The present invention will be described below with reference to the drawings. FIG. 1 is a sectional view of a front combination type angular contact ball bearing according to an embodiment of the present invention in the direction of the rotation axis. Here, two sets of angular contact ball bearings, which are an outer ring 1, an inner ring 2 and balls 3, are used to form a front combined type. The preload between the inner ring and the outer ring is obtained by the nut 5 screwed into the bearing support 9 pressing the outer ring a through the spacer 6 made of shape memory alloy.

Now, assuming that the temperature of the bearing support 9 rises by ΔT _{1 and} the temperature rise of the rotary shaft 4 can be ignored, the position D of the nut 5 shown in FIG. 1 is D + due to thermal expansion of the bearing support.
Extends to ΔD ₁ . This acts to create an axial clearance in the bearing. However, at the same time, the spacer 6 made of the shape memory alloy pushes the outer ring a by stretching ΔD _{1 in the} axial direction due to the shape change characteristic given in advance. Therefore, the distance between the outer ring a and the outer ring b is kept unchanged,
No axial gap is created.

On the other hand, when the temperature of the bearing support 9 is decreased by ΔT2 (the temperature change of the rotary shaft 4 can be ignored), the heat contraction of the bearing support 9 in the axial direction causes the nut 5 to move. The position D is shortened to D-ΔD2 and acts so as to cause an excessive load between the outer ring, the balls and the inner ring.
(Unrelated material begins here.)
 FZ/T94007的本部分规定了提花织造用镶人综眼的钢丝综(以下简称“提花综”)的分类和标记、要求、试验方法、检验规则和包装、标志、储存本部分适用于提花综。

At the same time, however, the spacer 6 contracts by .DELTA.D2 in the axial direction according to its shape change characteristic, so that the outer ring spacing is kept unchanged and no excessive load is generated in the bearing.

[0013]

As described above, according to the present invention, a spacer of shape memory alloy is added to the outer ring holding portion of the front combination type angular contact ball bearing, and the shape change characteristic is utilized to make the bearing support (outer ring side ), It is possible to compensate for the dimensional change due to thermal expansion.
It is possible to avoid deterioration of the function of the bearing, and it is possible to maintain high rigidity because a spring is not used.
Therefore, the present invention is suitable for use in a space vacuum environment in which the change in ambient temperature does not easily affect the rotating shaft.
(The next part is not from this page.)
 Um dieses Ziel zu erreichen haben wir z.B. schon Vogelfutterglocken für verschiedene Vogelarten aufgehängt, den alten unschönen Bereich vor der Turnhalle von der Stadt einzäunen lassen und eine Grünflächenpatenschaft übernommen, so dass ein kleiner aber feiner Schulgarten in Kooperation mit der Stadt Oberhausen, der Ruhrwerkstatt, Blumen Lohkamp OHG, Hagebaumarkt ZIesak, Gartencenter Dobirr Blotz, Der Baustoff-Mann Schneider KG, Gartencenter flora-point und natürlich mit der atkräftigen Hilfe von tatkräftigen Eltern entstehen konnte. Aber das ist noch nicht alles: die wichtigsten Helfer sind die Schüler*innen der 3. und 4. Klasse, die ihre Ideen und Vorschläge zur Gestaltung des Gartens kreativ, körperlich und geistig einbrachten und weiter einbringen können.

[Brief description of drawings]

FIG. 1 is a sectional view of an embodiment of the present invention.

FIG. 2 is a sectional view of a fixed position preload type prior art example.

FIG. 3 is a sectional view of a prior art example of a constant pressure preload type.

[Explanation of symbols]

 1a Outer ring a 1b Outer ring b 2a Inner ring a 2b Inner ring b 3 Ball (rolling element) 4 Rotating shaft 5 Nut 6 Spacer 7 Outer ring holding part 8 Spring 9 Bearing support

Claims (2)

[Claims] 1. A front combination type angular contact ball bearing in which a front face combination type angular contact ball bearing is provided with a shape memory alloy spacer in an outer ring holding portion which applies a preload between the inner ring and the outer ring and holds the outer ring. . 2. A bearing support, an outer ring provided on an inner wall of the bearing support, a rotating shaft arranged inside the bearing support, an inner ring supporting the rotating shaft, and an outer ring and an inner ring. A front surface comprising a ball and an outer ring holding portion for holding the outer ring in the bearing support, the outer ring holding portion including a nut and a shape memory alloy spacer inserted between the nut and the outer ring. Combination type angular contact ball bearing.